A gene that is transcribed continually compared to a facultative gene which is only transcribed as needed. Occurs when inhibitors are not present or a mutation disallows the inhibitors from acting during transcription
What is a splicing mutation?
A splice site mutation is a genetic mutation that inserts, deletes or changes a number of nucleotides in the specific site at which splicing of an intron takes place during the processing of precursor messenger RNA into mature messenger RNA. The abolishment of the splicing site results in one or more introns remaining in mature mRNA and may lead to the production of aberrant proteins. For example, mutations that cause the incorrect splicing of β-globin mRNA are responsible of some cases of β-thalassemia
What is genotypic reversion?
A point mutation can be reversed by another point mutation, in which the nucleotide is changed back to its original state (true reversion) or by second-site reversion (a complementary mutation elsewhere that results in regained gene functionality)

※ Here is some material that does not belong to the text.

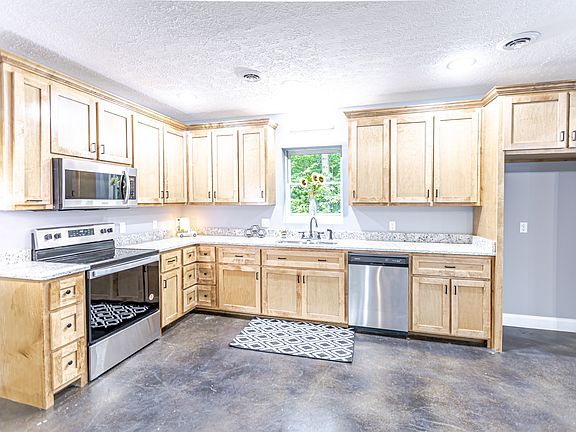 Motivated seller to offer $5,000 to go towards closing cost with full price offer! This home is newly and completely remodeled home nestled just approx. 200ft from the serene Cane Creek at your front door with swim/fishing holes! This home offers offers a unique blend of tranquility and modern living. Enjoy the the open concept living/kitchen area that includes a wood burning fireplace with a chestnut mantle creating a warm ambiance. The kitchen boasts new appliances, granite countertops, and custom built cabinets. This home has undergone extensive renovations including a new roof, windows, stained and polished concrete flooring, HVAC, plumbing, wiring & much more. Situated on a tranquil countryside setting, you will enjoy privacy and serenity. Very short distance to Ky Lake, small airport & Cane Creek Marina is only 1.4 mi away. Bring your boat and fishing gear!

What is genotypic suppression?
A suppressor mutation is a second mutation that alleviates or reverts the phenotypic effects of an already existing mutation. Genetic suppression therefore restores the phenotype seen prior to the original background mutation
What is the difference between intragenic and intergenic suppression?
Intragenic occurs on the same gene as in the initial mutation did, while intergenic occurs on a different gene than the initial mutation did
What is polymerase fidelity?
The fidelity of a DNA polymerase is the result of accurate replication of a desired template. Specifically, this involves multiple steps, including the ability to read a template strand, select the appropriate nucleoside triphosphate and insert the correct nucleotide at the 3´ primer terminus, such that Watson-Crick base pairing is maintained. In addition to effective discrimination of correct versus incorrect nucleotide incorporation, some DNA polymerases possess a 3´→5´ exonuclease activity. This activity, known as “proofreading”, is used to excise incorrectly incorporated mononucleotides that are then replaced with the correct nucleotide. High-fidelity PCR utilizes DNA polymerases that couple low misincorporation rates with proofreading activity to give faithful replication of the target DNA of interest.
What is deamination and what is its function?
Deamination is the removal of an amine group from a molecule. Enzymes that catalyse this reaction are called deaminases. In the human body, deamination takes place primarily in the liver, however glutamate is also deaminated in the kidneys. Deamination is the process by which amino acids are broken down if there is an excess of protein intake. The amino group is removed from the amino acid and converted to ammonia.
What is depurination?
Depurination is a chemical reaction of purine deoxyribonucleosides, deoxyadenosine and deoxyguanosine, and ribonucleosides, adenosine or guanosine, in which the β-N-glycosidic bond is hydrolytically cleaved releasing a nucleic base, adenine or guanine, respectively. The second product of depurination of deoxyribonucleosides and ribonucleosides is sugar, 2’-deoxyribose and ribose, respectively. When depurination occurs with DNA, it leads to the formation of apurinic site and results in an alteration of the structure. Depurination is known to play a major role in cancer initiation.